Saturday, 17 September 2011

Wymondham Words: Sunday Evening




Of Mice and Jackdaws: Storytelling by Candlelight 19:00-20:30 Arts Centre
with Elspeth Barker, Padrika Tarrant and Ceinwen Thomas on Welsh Harp

A great, dark and funny novelist and a genius of the haunting, tender and grotesque see us end the festival by candlelight.

Elspeth Barker



Elspeth Barker's is a wholly original literary voice. O Caledonia, first published 20 years ago, reads as freshly now as then. Steeped in classical allusions, rich in Scottish – and natural – history, fantastical in its highly wrought characters, this coming-of-age-novella is as passionately intense as it is wittily acerbic.

It opens, seemingly, with a murder and a suicide. Beneath the great stone staircase of Auchnasaugh and the leaded stained glass window emblazoned with the family motto Moriens sed Invictus, "Janet was found, oddly attired in her mother's black lace evening dress, twisted and slumped in bloody, murderous death." Her death is followed by that of the tame jackdaw, which "like a tiny kamikaze pilot... flew straight into the massive walls of Auchnasaugh and killed himself".
- Amanda Hopkinson, The Independent


Padrika Tarrant



In The Knife Drawer , dead bodies miraculously vanish as if scraped to nothing by pudding spoons.

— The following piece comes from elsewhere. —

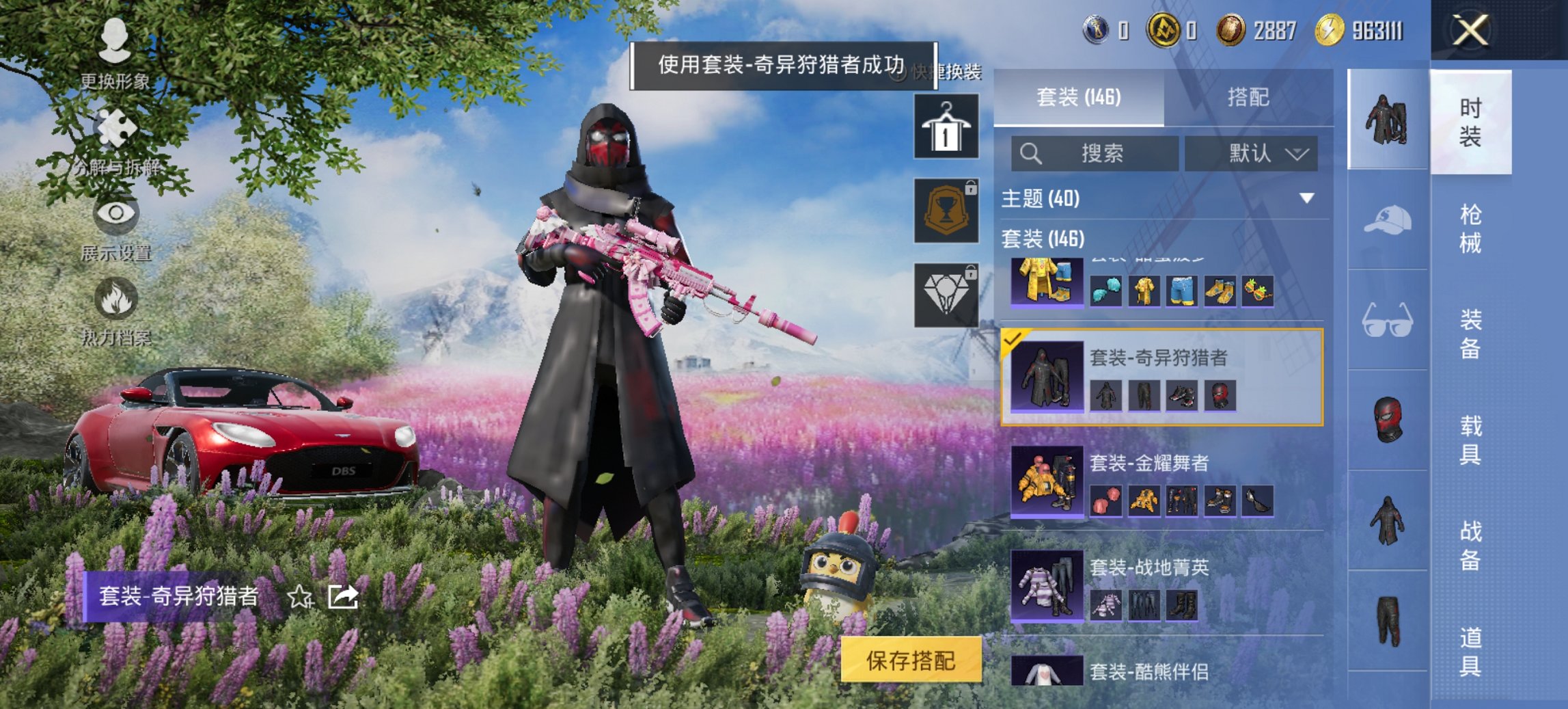 【浪客战士猫包5载具8粉装6特效枪 秒换绑不用等】 安卓Q区-64309热力值-7印记-146套装-162枪皮 【5载具】 阿斯顿马丁S红色 阿斯顿马丁X橙色 合金龙骨蓝色 特斯拉3银色 双人摩托梦幻火箭【5稀有】 浪客战士 萌熊伴侣背包(小熊背包) 百万伏待背包(猫包) 奇异狩猎者【8粉装】 数码大师 极致幻想 扶摇飞仙 蝶舞迷情 新星烈龙 古堡领主 彗云及圣 狩月元帅【6特效枪】 M416-五爪金龙(6级) Kar98K-伏魔团(4级) DP-28-扶摇飞仙(4级) M762-甜蜜誓约(6级

Marie's mother has rather lost her wits since she did away with her husband. She could swear they're out to get her; even the house gets messy on purpose, all by itself. A careless wish, made against a rainy morning seems to have conjured the grandmother into being; she is part guardian, part bad fairy. She is also sometimes an owl. Marie's twin is living in a hole in the back-garden, small and round as a cherry pip, waiting to be discovered. Marie is a gentle soul and tries to do her best for her strange ragtag household, but all the love in the world can't hold back an avalanche. - Love Reading

Ceinwen Thomas



And so the festival closes closes with candles. Next the reviews.